There is very little choice in this idealisation. Children don’t love their parents according to merit, rather according to need. A parent who is violent, busy, alcoholic or abusive will attract love no less – and perhaps even to a greater extent – than one who is kind, patient and attuned.

It is precisely the children who had to cope with the least worthy parents – the mothers or fathers who stood in relation to them rather as the crude Bottom did to Titania – who are especially prone, in later life, to lose their hearts to roguish figures. It is as if their childhoods trained them to make creative excuses for their own maltreatment, to hold on to a belief in a more or less endurable and moral world. It is easier for them to hate themselves than to accept that their own parents might have done them an injustice. With time, a child who had no alternative but to love a mother or father who did them ill may grow up into an adult particularly susceptible to ignoring signs of unkindness in their partners. Love may not feel real or true until it is bound up – as it was at its point of origin – with exploitation and suffering.

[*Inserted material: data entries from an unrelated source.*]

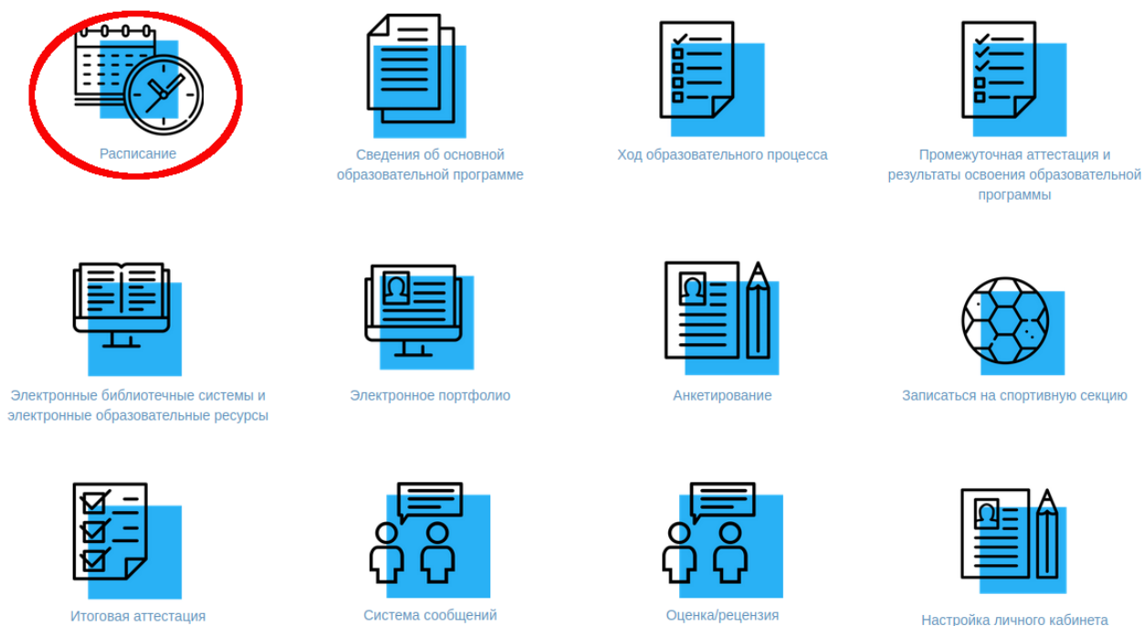
Рисунок 3 — Переход на расписание

После этого необходимо выбрать пункт «Расписание» и осуществится переход на расписание с функционалом просмотра методических рекомендаций.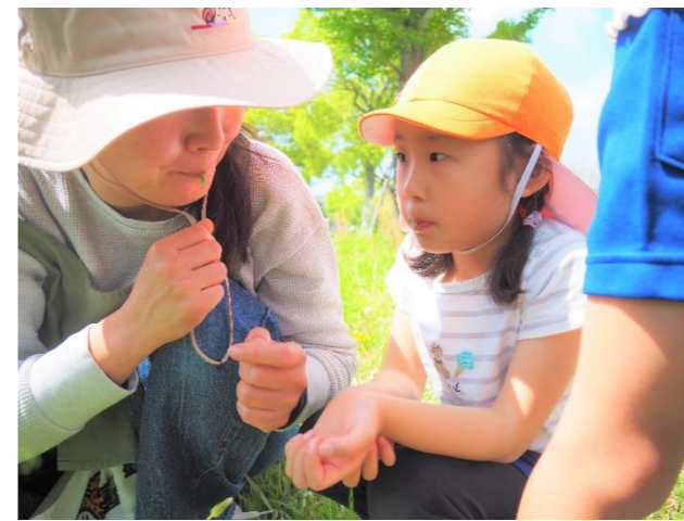
「ぷーぷー」「すごいね！音が出たね！」

豆ひとつでも個体差があります。見て触って選ぶことから遊びが始まります。作ってみて破れたり、音がかすれたり失敗することを繰り返しながら進めていきます。これが折れない心「レジリエンス」を育てていくひとつとなります。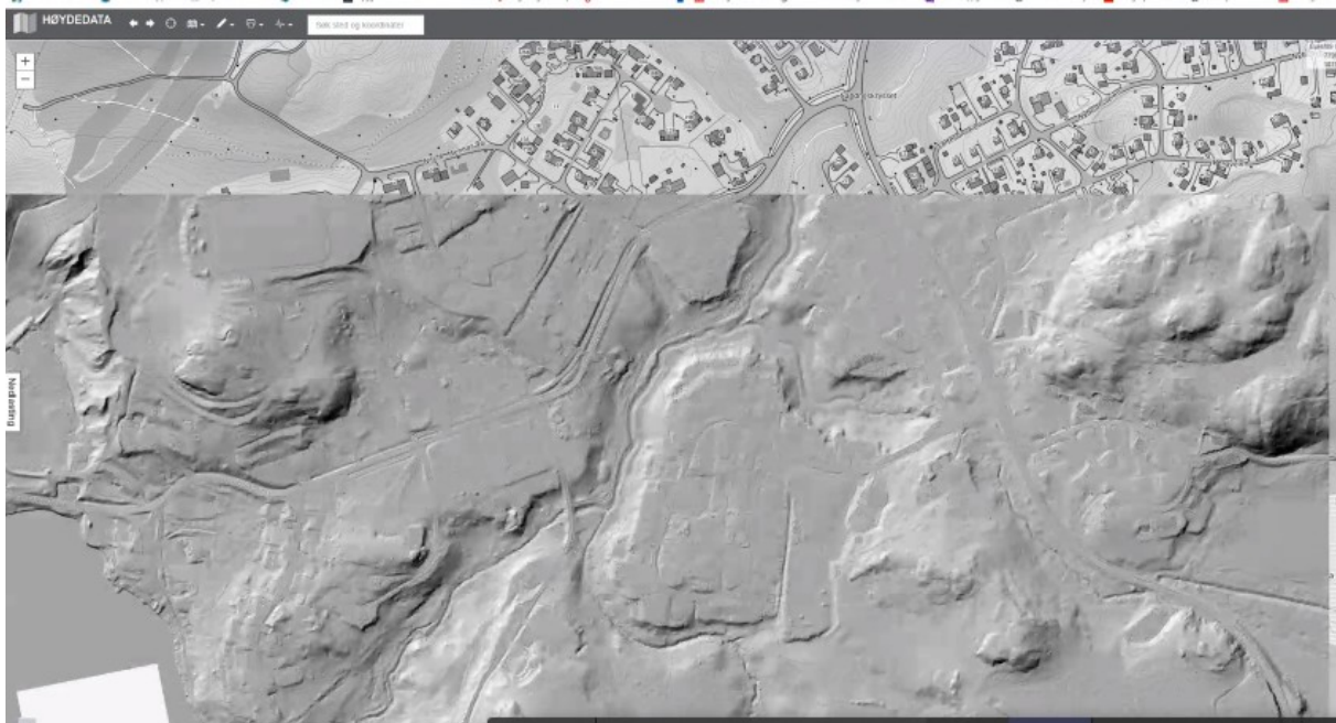
Figur 4: Høydeforskjeller. 3D med høydedata kan brukes som hjelp til å finne områder som det bør fokuseres særlig på i det videre arbeidet.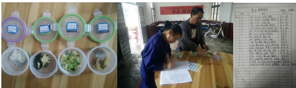
图 14 当天的菜品留样与登记组图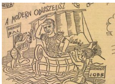
1. kép: Kádár, a modern Odisszeusz

A képes összeállítás központi szereplője Kádár, a mindennapok, a köznapi ember hősi figurájának 14 pózában tűnik fel, aki modern Odüsszeuszként vezeti az ország hajóját a jobboldal veszélyeinek (a revizionizmusnak) és a baloldal túlzásainak (a szélsőbalosságnak) a veszélyes szirtjei között (2. kép). A kétfrontos harc, a kompromisszumos közép pozíciójának elfoglalása, az egyensúlyteremtés a különböző szereplők között a mindenkor kádári politika egyik legfontosabb jellemzője volt, amit a rajz ismert toposzok (a hajó, mint az ország kormányzása és Odüsszeusz egyik kalandja) segítségével idéz meg. A csábításoknak nem engedő vezető a messze jövőbe tekint elő, az aktuális kísértések helyett a hosszútávú célokat részesíti előnyben.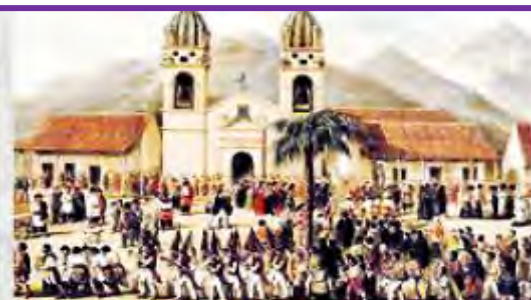
Andacollo. En Atlas de historia física y política de Chile, de Claudio Gay (1854).

El Cabildo era la institución encargada de organizar y financiar las grandes fiestas políticas y religiosas, las que se revestían, por ello, de un carácter oficial. Otras actividades propias de la sociedad colonial fueron los paseos al aire libre y la práctica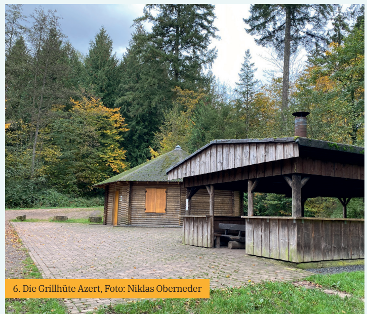
6. Die Grillhütte Azert

Die Hütte bietet Einrichtungen wie einen Grill, einen Barbereich, fließendes Wasser und Stromversorgung. Die Hütte bietet ausreichend Platz im Innenbereich und verfügt über zusätzliche Sitzgelegenheiten im Freien sowie eine Sanitäreanlage. Für Besucher, die mit dem Auto anreisen, stehen auch Parkplätze zur Verfügung. Anmietungen sind über das Stadtbüro Telefon: 06502/9338-26 oder per eMail unter info@stadt-schweich.de möglich.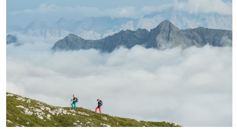
Blick von der Hochplatte auf die Zugspitze - © Simon Bauer, Naturpark Ammergauer Alpen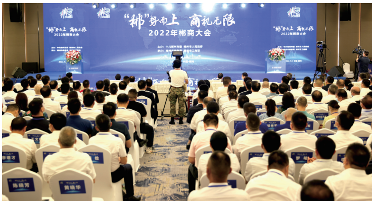
7月8日下午,2022年郴商大会在郴州开幕。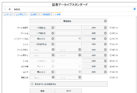
検索画面 未入力検索が可能です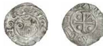
1.1. ČECHY, Boleslav II., Cach 89.

Pokyny pro autory najdete na www.nm.cz/publikace .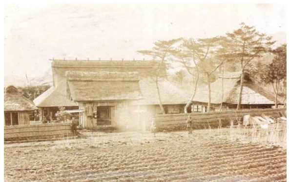
昔の赤池家の写真

赤池家は、富士講の人たちが人穴参詣にやってくるようになると、御法家とよばれ、修行の世話や、参詣者の休憩や宿泊ができるようにしました。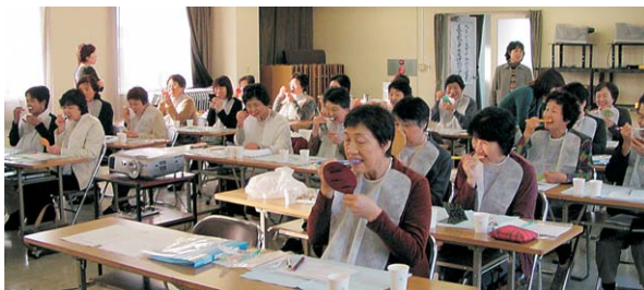
10/21 スタンダードコース 長岡会場にて

スタンダードコース(28会場)・個別健康教育コース(5会場)・集団健康教育実践コース(50会場)の3コースで実施しています。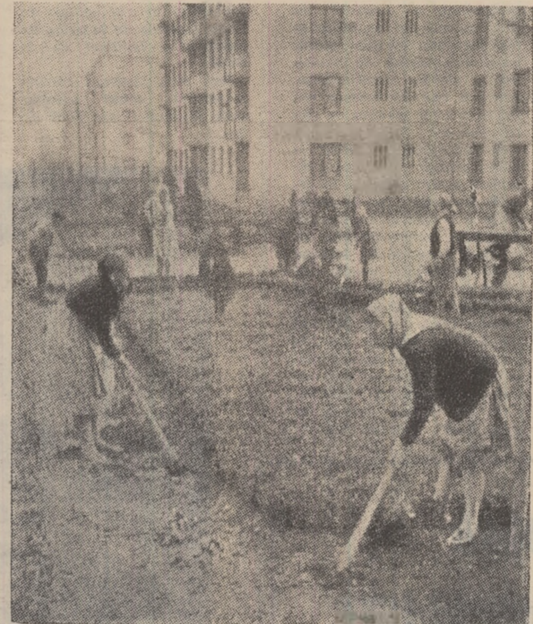
La amenajarea rondurilor de flori (Instantanul din orașul Vulcan).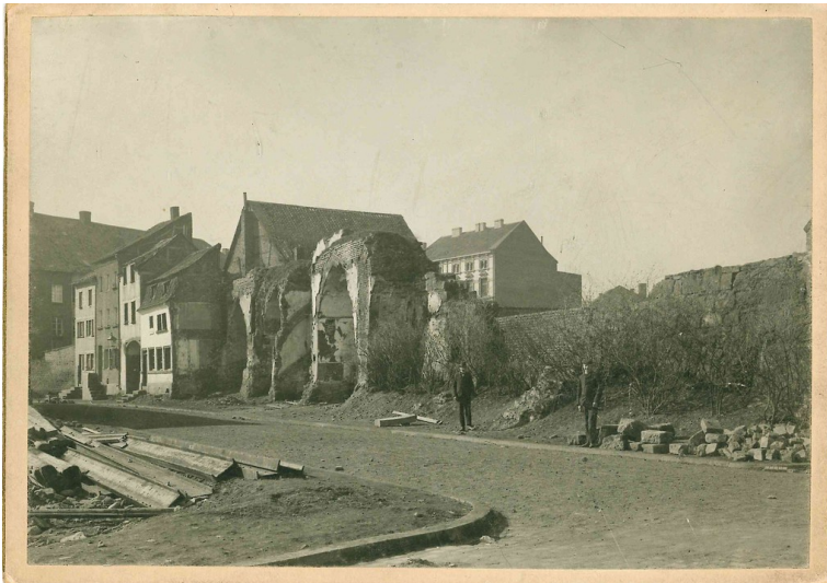
Die frei stehenden Reste der Dürener Stadtmauer in der Wallstraße auf einer historischen Aufnahme (vermutlich Anfang des 20. Jahrhunderts), dahinter Wohnhäuser.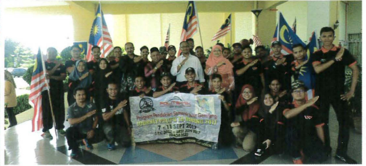
Perlepasan peserta pendakian oleh Tuan Pengarah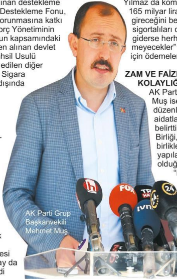
AK Parti Grup Başkanvekili Mehmet Muş

AK Parti Grup Başkanvekili Mehmet Muş ise gündüz saatlerinde düzenlediği basın toplantısında aidaatların da kapsama alındığını belirtti. TOBB, TESK, Barolar Birliği, TÜRMÖB, ihracatçı birliklerinin aidaat ödemelerinin yapılandırma kapsamında olduğunu dile getiren Muş, "Emlak vergisi, Çevre Temizlik Vergisi, İlan ve Reklam Vergisi, diğer vergi ve harçlar, su, atık su, katı atık ücretleri, yol katılım payları, muhtelif ücretlerden kaynaklı kurum alacakları ve zam ile faizleri de yapılandırma kapsamına alıyoruz" diye konuştu.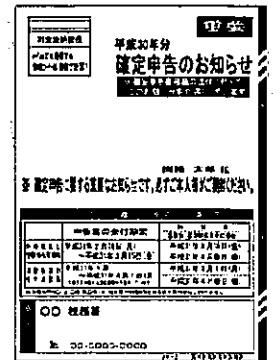
「確定申告のお知らせ」はがきイメージ

※「確定申告のお知らせ」はがきとは、予定納税額などの申告書の作成に必要な情報を記載したはがき（又は封書）です。

It may be for this reason that many of us reserve our greatest and most obsessive loves not for people who are particularly marvellous, but for people who feel, first and foremost, extremely familiar – familiar in their degrees of shallowness, absence or vulgarity. With luck, we will in time wake up from our slumbers and realise, in the cold light of dawn, with a great deal of self-compassion, that we may for a while now have been cradling not an angel but a donkey.